That would be me Jace..peep the sig.


----------



## Wade County

Im shitting myself over here. Feelings are echoed - we really need to close this tonight. Knowing us and our ability to eternally make life difficult, I can see us losing and having to win a game on the road....but I really hope that's just the cynic in me.

What makes it even worse is I have a compulsory training from 1pm to 2pm....basically, right near the end of the ****ing game. If this is close i'm gonna have a stroke.

Seriously, being a Heat fan is taxing work. I swear my life has been shortened a good 4-5 years by now


----------



## PoetLaureate

I got that 2006 Championship DVD rolling from now until gametime


----------



## Ben




----------



## Wade County

^ Sometimes I put on the game 6 just to watch Zo go nuts. That 2nd quarter where he blocked like 4 shots and had that awesome transition dunk over Mbenga from JWill's round the back pass....priceless memories.

God I hope we can pop the champagne tonight guys....what a day this will be if we can do it.
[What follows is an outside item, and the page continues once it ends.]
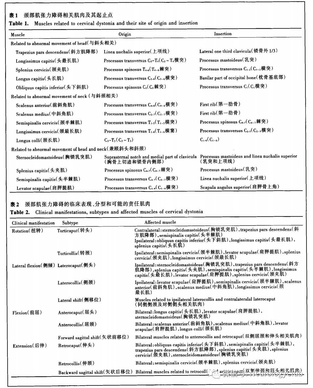 “头-颈”概念引入后,颈部肌张力障碍可以分为8种基本类型,有助于临床医师对头颈部异常运动的精确分析,特别是在移位的判断上更有帮助,进而有助于肉毒毒素治疗靶肌肉的选择。颈部肌张力障碍的精准治疗,特别是复杂颈部肌张力障碍,需超声联合肌电图以识别和定位靶肌肉,从而提高治疗有效率,减少不良反应。
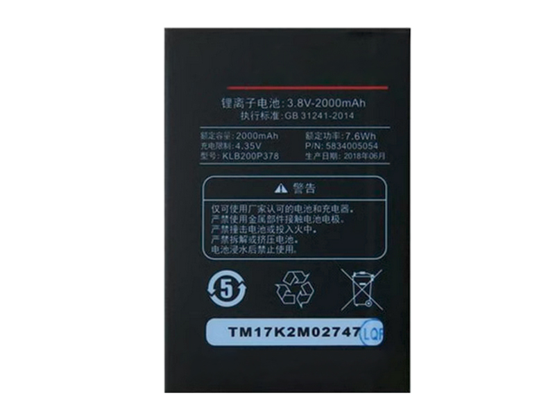 KONKA KLB200P378 Batterij 2000mAh/7.6WH 3.8V

Once in 25 years have I been able to celebrate a Heat championship, hoping I can do it tonight.

Lets go Heat!


----------



## Wade2Bosh

Nothing like winning and getting to celebrate at home, on center court, with the crowd going nuts. Let's hope we get to see that.


----------



## Wade County

Just hoping the guys seize the moment and deliver the knockout blow. Up 3-1 on home court is as good a scenario as it gets. Finish the job.


----------



## Jace

Good vibrations!



Rather Unique said:


> That would be me Jace..peep the sig.


Hah, knew it was someone who rarely posted lately so I figured it was up to me to find it.

Steven A. is on HEATv. This is weird! He and Eric have an odd dynamic. Definitely different then Eric and Tony.


----------



## Wade County

Continuing the theme!


----------



## Ben




----------



## IbizaXL

Ben said:


>


ah yes, the old humble wade i fell in love with. now hes just on my shit list.


----------



## Wade2Bosh

"I'm going to Disney World!"











It'll be Lebron's turn this time if we win.


----------



## Wade County

I feel so sick....fuuuuuu


----------



## Wade2Bosh

Wade County said:


> I feel so sick....fuuuuuu


Just get ready for the roller coaster of emotions.

If only we could fast forward to the 4th, where every game has been decided. We'd save years of our life not needing to go through all that stress :laugh:


----------



## Wade County

Everyone has been raging at DWade, and sure, he has been pretty inconsistent...but his numbers are still looking pretty nice other than the shitty FG%. He's still at 46% from the field in the playoffs though, which while isnt that bad, is below his normal average of .486% over his career.


----------



## Ben

Let's ****ing do this.


----------



## Ben

48 minutes.


----------



## Jace

I've got on my ugly face.


----------



## Wade County

48 minutes of basketball left in the season. That's how we need to approach this.

Leave nothing to chance. Dominate, crush their spirit and take that championship.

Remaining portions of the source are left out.